• [EXERCISE OBJECTIVE] No pictures go into the copy. Write out exactly the lines below from the one containing "[ti:Reel Around The" through the one containing "Each pole base".

··· EXERCISE MATERIALS ···

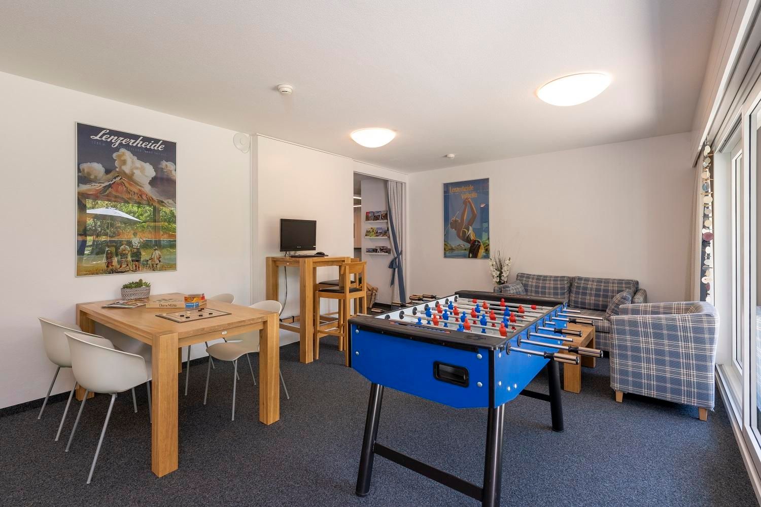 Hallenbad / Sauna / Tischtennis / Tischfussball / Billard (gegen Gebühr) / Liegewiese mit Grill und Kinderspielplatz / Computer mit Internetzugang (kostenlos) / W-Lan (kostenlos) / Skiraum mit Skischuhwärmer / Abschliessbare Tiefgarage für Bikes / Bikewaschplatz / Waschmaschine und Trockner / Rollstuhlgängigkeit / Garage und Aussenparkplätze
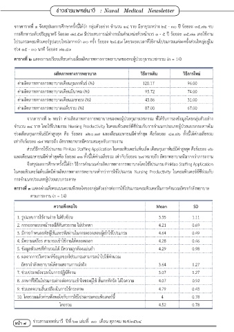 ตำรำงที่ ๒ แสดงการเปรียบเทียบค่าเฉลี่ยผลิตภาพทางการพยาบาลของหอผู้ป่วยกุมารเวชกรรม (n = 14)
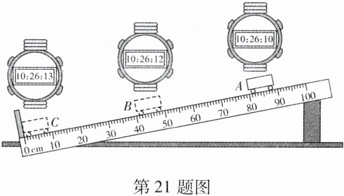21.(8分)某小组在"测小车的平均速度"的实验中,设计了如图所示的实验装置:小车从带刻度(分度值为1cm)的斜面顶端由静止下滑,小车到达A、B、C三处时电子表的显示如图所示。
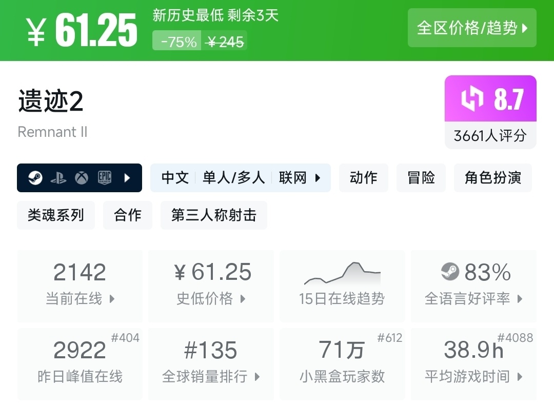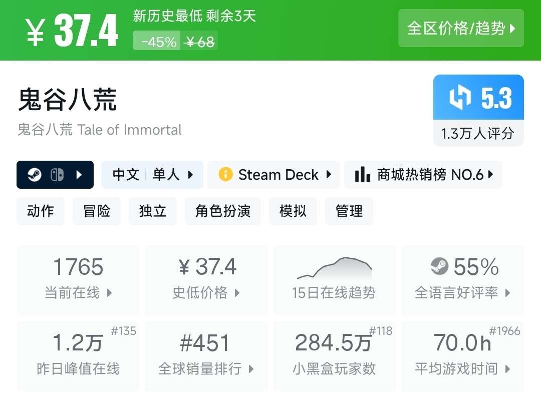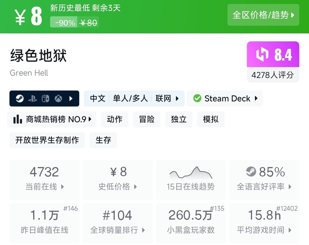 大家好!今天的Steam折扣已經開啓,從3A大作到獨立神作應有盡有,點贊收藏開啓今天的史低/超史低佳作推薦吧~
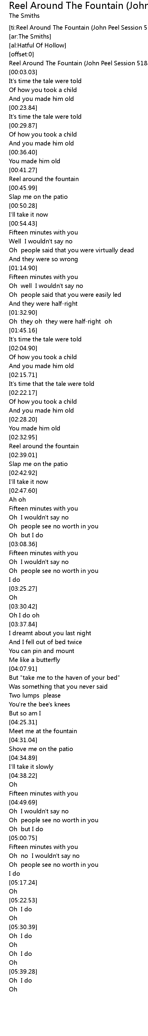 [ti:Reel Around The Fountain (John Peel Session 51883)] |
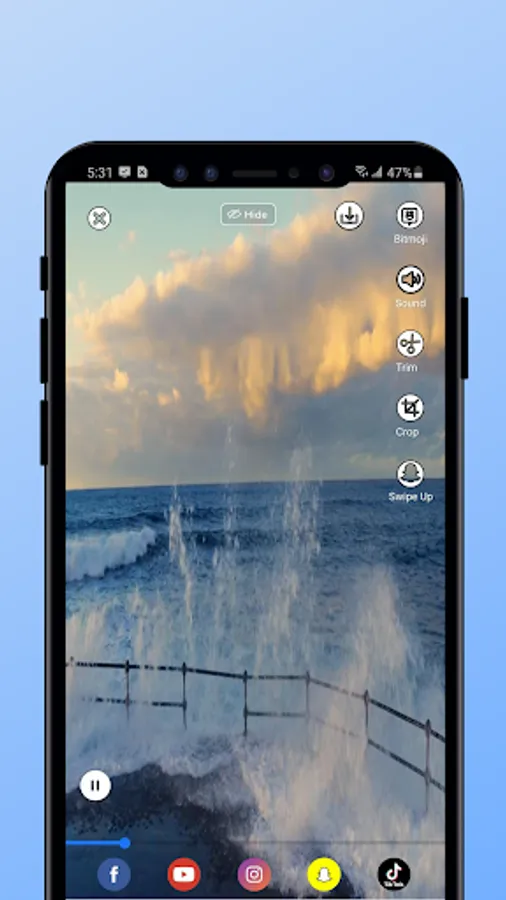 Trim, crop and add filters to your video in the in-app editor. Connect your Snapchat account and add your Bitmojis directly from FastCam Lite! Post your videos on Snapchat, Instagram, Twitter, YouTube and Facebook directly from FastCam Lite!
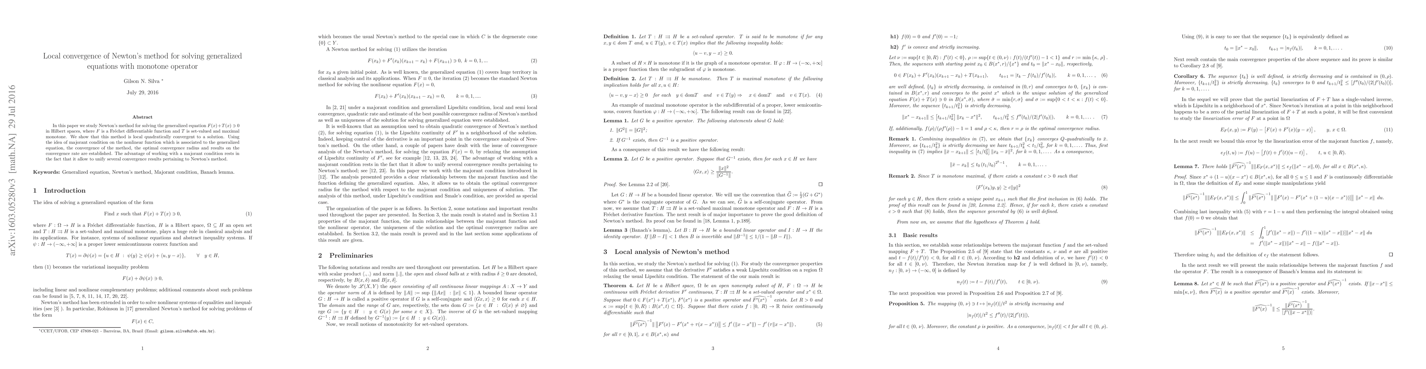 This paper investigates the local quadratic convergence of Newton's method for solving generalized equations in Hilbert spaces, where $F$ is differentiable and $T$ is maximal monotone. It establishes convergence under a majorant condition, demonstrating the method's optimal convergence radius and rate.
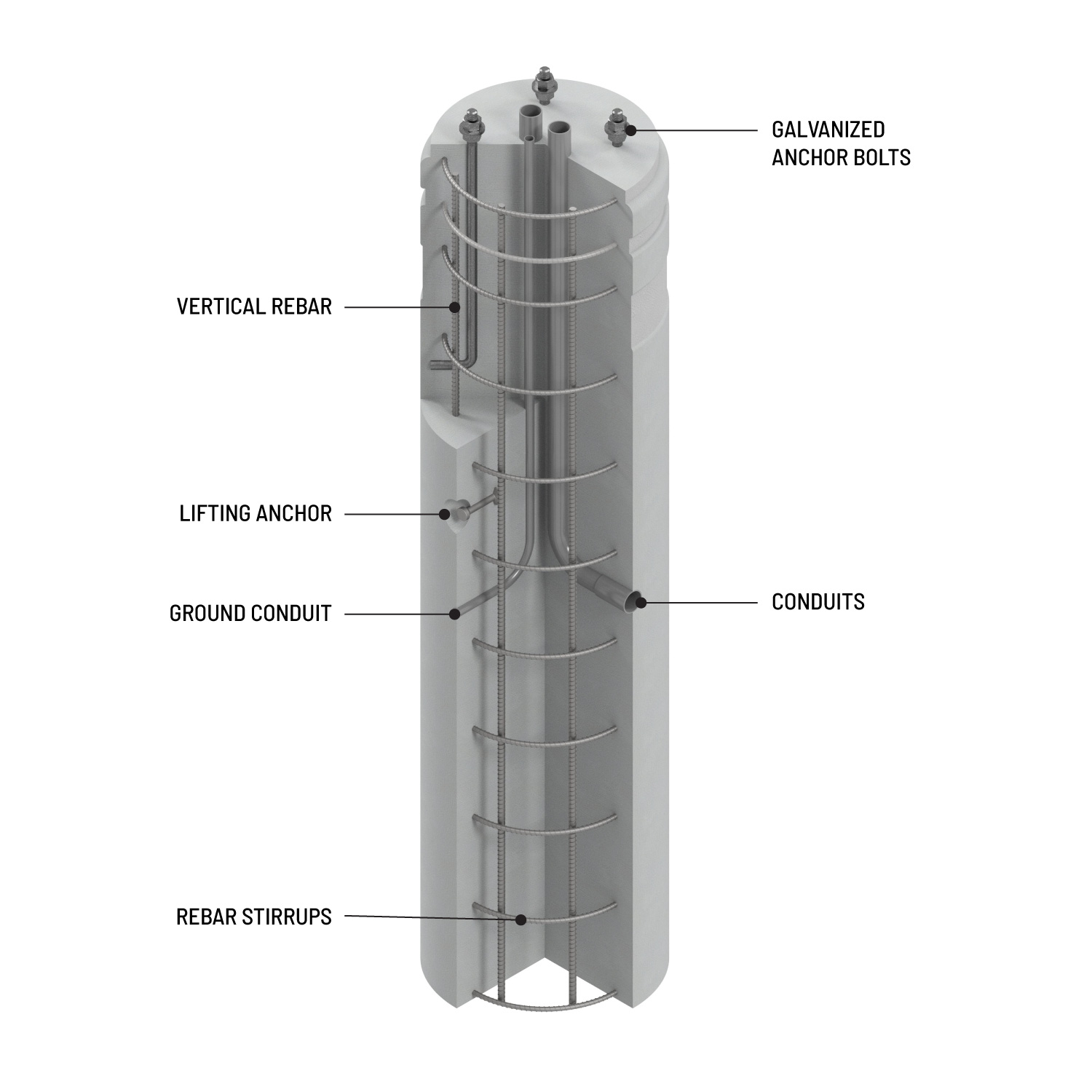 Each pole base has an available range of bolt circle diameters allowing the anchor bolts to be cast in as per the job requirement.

···
··· EXERCISE MATERIALS ···

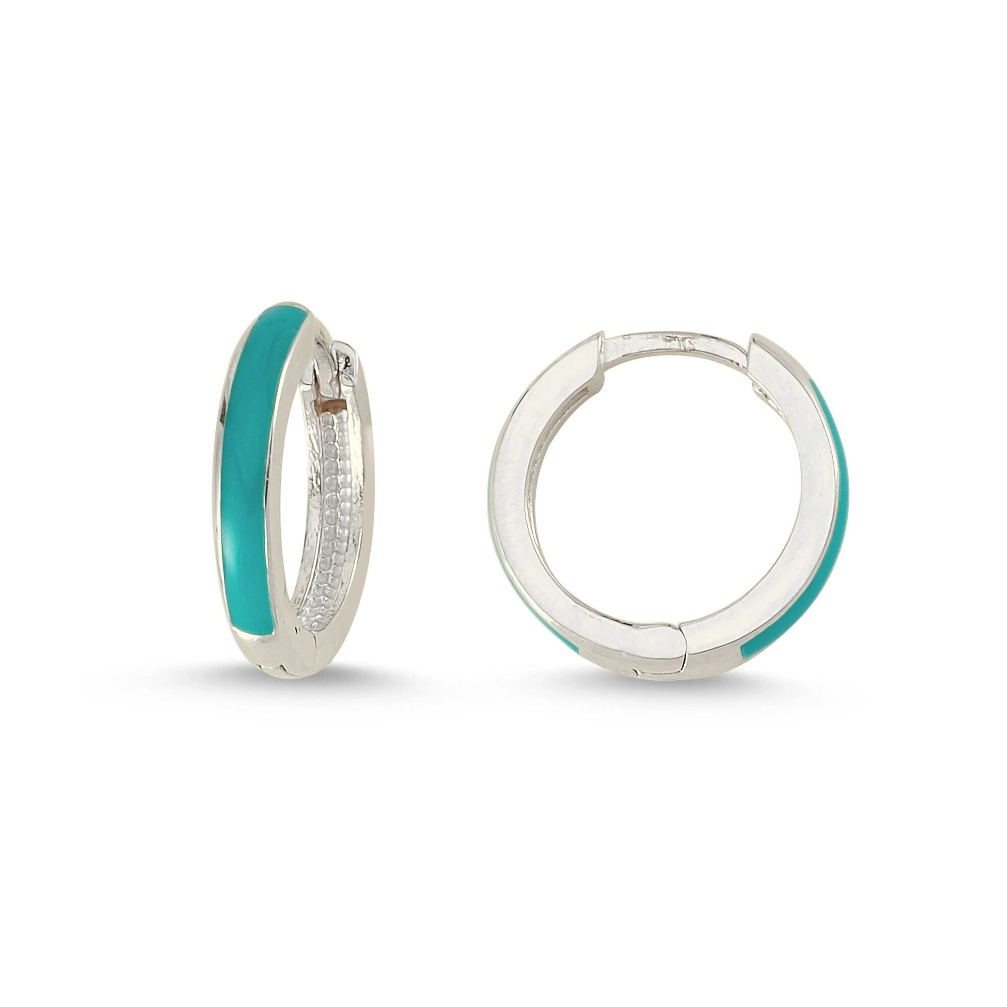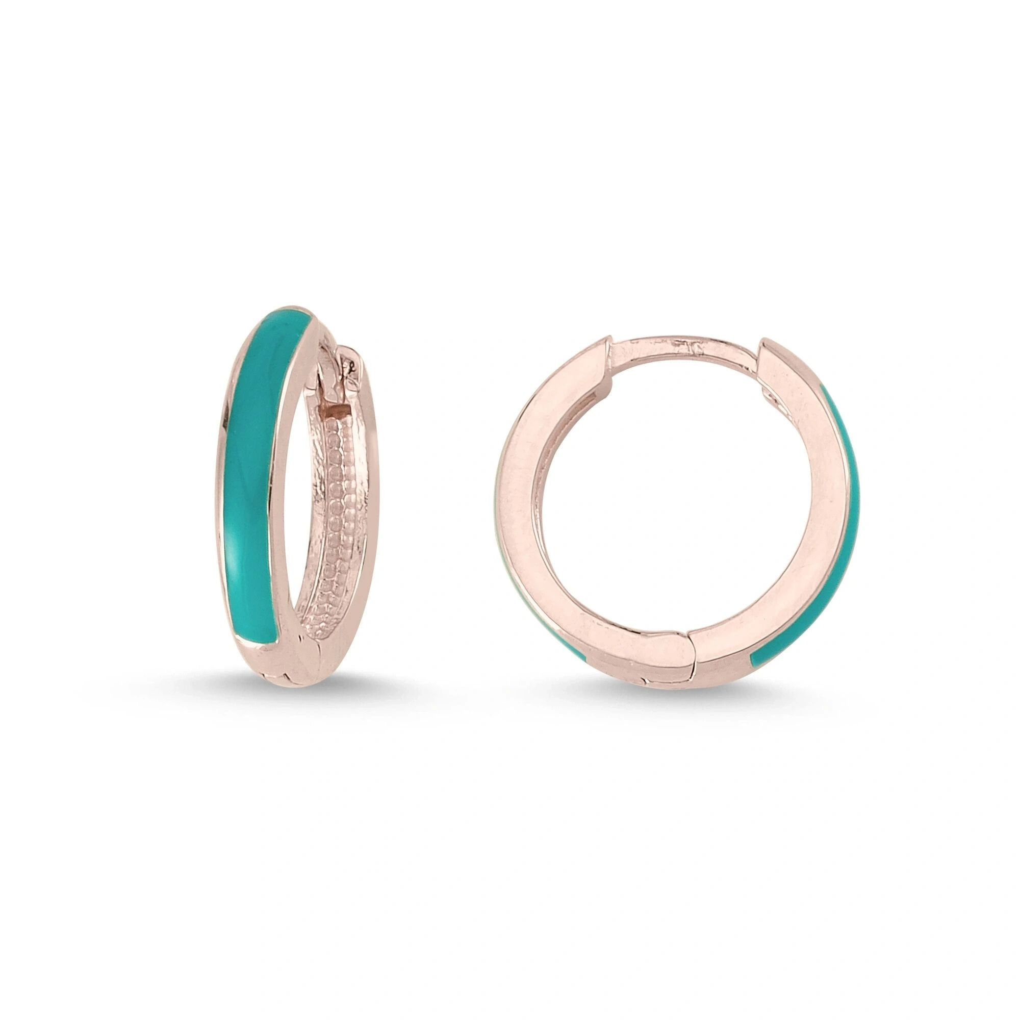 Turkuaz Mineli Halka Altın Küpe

···
··· EXERCISE MATERIALS ···

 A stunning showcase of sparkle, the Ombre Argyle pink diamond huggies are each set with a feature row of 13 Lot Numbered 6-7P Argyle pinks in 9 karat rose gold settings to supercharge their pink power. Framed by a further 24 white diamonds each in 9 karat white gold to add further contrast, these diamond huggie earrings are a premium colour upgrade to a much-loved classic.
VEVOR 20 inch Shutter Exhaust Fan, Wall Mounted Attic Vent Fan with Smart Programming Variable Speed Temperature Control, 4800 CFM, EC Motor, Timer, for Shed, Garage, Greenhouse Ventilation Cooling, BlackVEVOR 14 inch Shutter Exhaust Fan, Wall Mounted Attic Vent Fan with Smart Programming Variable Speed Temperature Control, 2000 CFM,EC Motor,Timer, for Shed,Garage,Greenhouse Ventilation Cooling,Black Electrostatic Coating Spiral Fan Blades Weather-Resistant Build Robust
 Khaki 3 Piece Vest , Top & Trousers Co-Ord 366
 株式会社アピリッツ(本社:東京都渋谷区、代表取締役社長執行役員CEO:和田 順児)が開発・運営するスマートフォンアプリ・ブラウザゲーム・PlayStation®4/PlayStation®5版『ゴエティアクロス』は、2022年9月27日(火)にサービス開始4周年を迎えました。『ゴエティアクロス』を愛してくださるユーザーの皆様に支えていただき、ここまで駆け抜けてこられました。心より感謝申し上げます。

···

• [REPLY TO THE TASK]
 [ti:Reel Around The Fountain (John Peel Session 51883)] |
 Trim, crop and add filters to your video in the in-app editor. Connect your Snapchat account and add your Bitmojis directly from FastCam Lite! Post your videos on Snapchat, Instagram, Twitter, YouTube and Facebook directly from FastCam Lite!
 This paper investigates the local quadratic convergence of Newton's method for solving generalized equations in Hilbert spaces, where $F$ is differentiable and $T$ is maximal monotone. It establishes convergence under a majorant condition, demonstrating the method's optimal convergence radius and rate.
 Each pole base has an available range of bolt circle diameters allowing the anchor bolts to be cast in as per the job requirement.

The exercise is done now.